■連載/ゴン川野の阿佐ヶ谷レンズ研究所
Introduction
NikonとCanonからフルサイズミラーレスが発表された。どちらもレンズ資産を生かすために純正のマウントアダプターがオプションに加わっている。私はNikonユーザーなので、手持ちのオールドニッコールレンズがどの程度、最先端フルサイズミラーレスで使えるのかが気になる。そこで『Z7』にマウントアダプター『FTZ』を借用した。この組み合わせでは使えるレンズには制約があり、特にAI改造していないレンズが使えないのが残念。具体的には1977年以前生産のカニ爪レンズが適応外となる。カンタンな見分け方はカニ爪の左右に穴があるかどうか。穴があれば使えるのだ。1997年までメーカーがAI改造をおこなっていたのでオールドニッコールでもAI化されている場合がある。これから中古レンズを探すならカニ爪の穴に注目である。

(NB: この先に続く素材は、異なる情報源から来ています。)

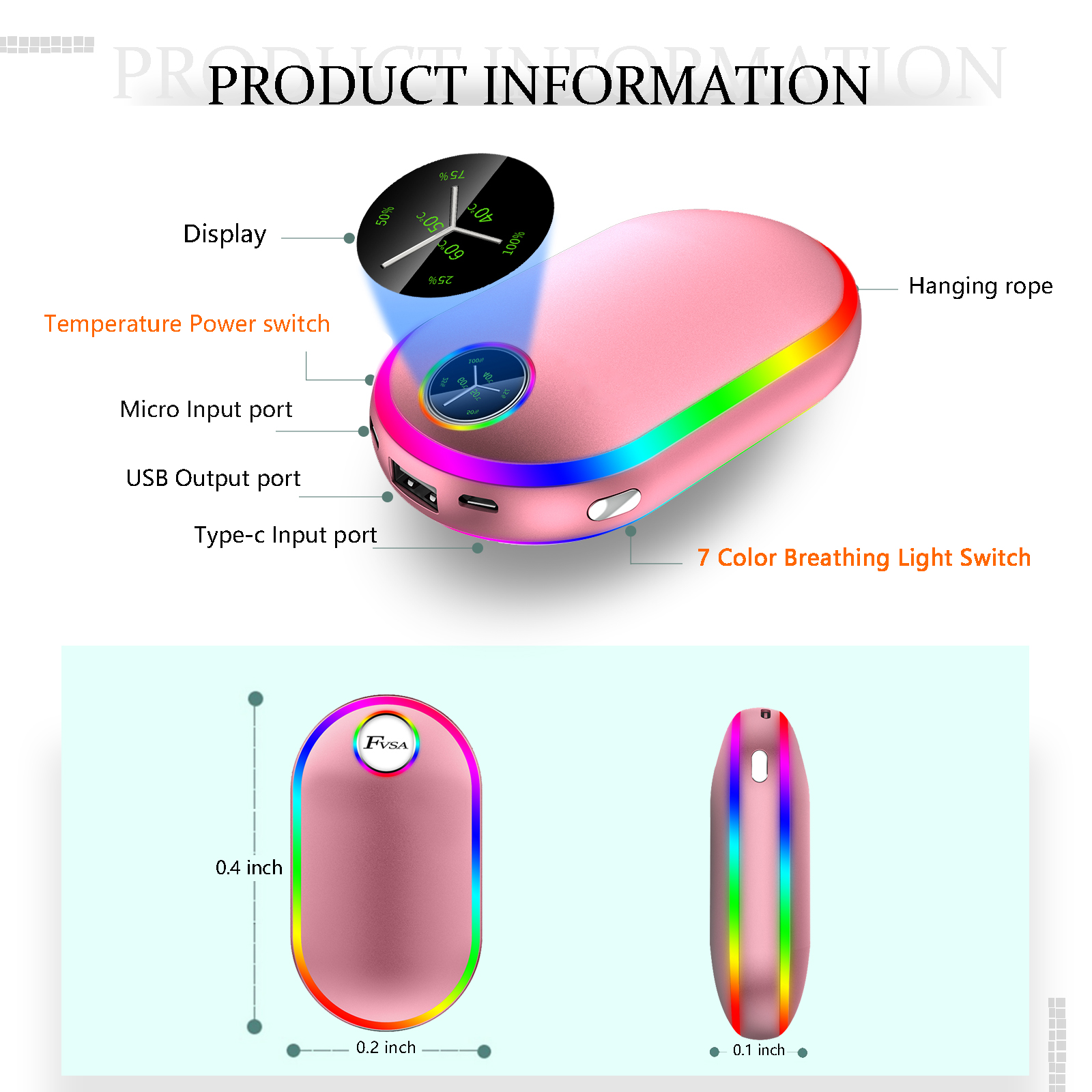 – Lnnovative Luminescence Electric Hand Warmer, adjustable 7 Colors Breathing Lights

ざっとレンズ沼を見渡してみるとAI方式のレンズは20本以上あるので、『Z7』で遊ぶのに不自由はない。とは言えマイクロフォーサーズと違って昔のレンズは重いのでお気軽に何本も持っていけない。今回は直進式ズームの傑作『Nikkor 80-200mm F4.5』のAI 改造モデルを使う。200mm側で1.2mまで寄れるのがいい。何と1970年代のレンズである。EDレンズを使った80-200mmF2.8もあるのだが重いので却下。

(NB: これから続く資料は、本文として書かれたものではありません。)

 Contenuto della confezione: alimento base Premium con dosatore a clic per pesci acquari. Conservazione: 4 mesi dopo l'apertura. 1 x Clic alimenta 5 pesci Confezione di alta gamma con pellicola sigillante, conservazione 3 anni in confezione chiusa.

もう1本はオールドではなくバリ新しいSIGMA『50mm F1.4 DG HSM』である。ラインArtの最高性能の標準レンズだ。超音波モーター採用、最短撮影距離は40cm、メイドインジャパンの逸品である。それから純正の標準ズームである『NIKKOR Z 24-70mm f/4 S』の3本で作例を撮影した。
Report
Nikon『Z7』はオーソドックスなインターフェイスを採用しているため、Nikonの一眼レフを使ってたユーザーなら迷わず使えるはずだ。特にグリップ周りのインターフェイスや階層化されたメニューは、今までのDシリーズの流れに沿っている。『EOS R』の斬新なインターフェイスもいいのだが、覚えるまでがやっかいである。その点、『Z7』は光学ファインダーがEVFになって軽量化されただけみたいな違和感のない操作性がいい。シャッターのフィーリングと音もいい。そして細部にわたって作りの良さが感じられる。さすが高級機である。『Z6』にもこの品質が生かされているのが素晴らしい。
AI化されたニッコールレンズならMF、絞り込み測光で使える。EVFは拡大表示できるのでピントはシビアに追い込めるのだ。
もちろん最新レンズであればAFが使え、CPUレンズであればレンズ内とカメラ内VRの両方が働き三軸の手ブレ補正が使える。
サブ液晶画面は黒背景の白ヌキ表示になり、ちょっと渋くて今風になっている。
ロック付きのモードダイヤルはユーザー設定モードが3つあり、非常に使いやすい。
大型の視度調整ダイヤルは回しやすく微調整が容易におこなえる。そしてロック付きだ。
液晶モニターは速写性に優れるチルト式を採用。私はバリアングルよりもこっちが好きだ。
メモリはXQDカードのシングルスロット。高価で高性能、PCに読み込ませる専用リーダーも必要。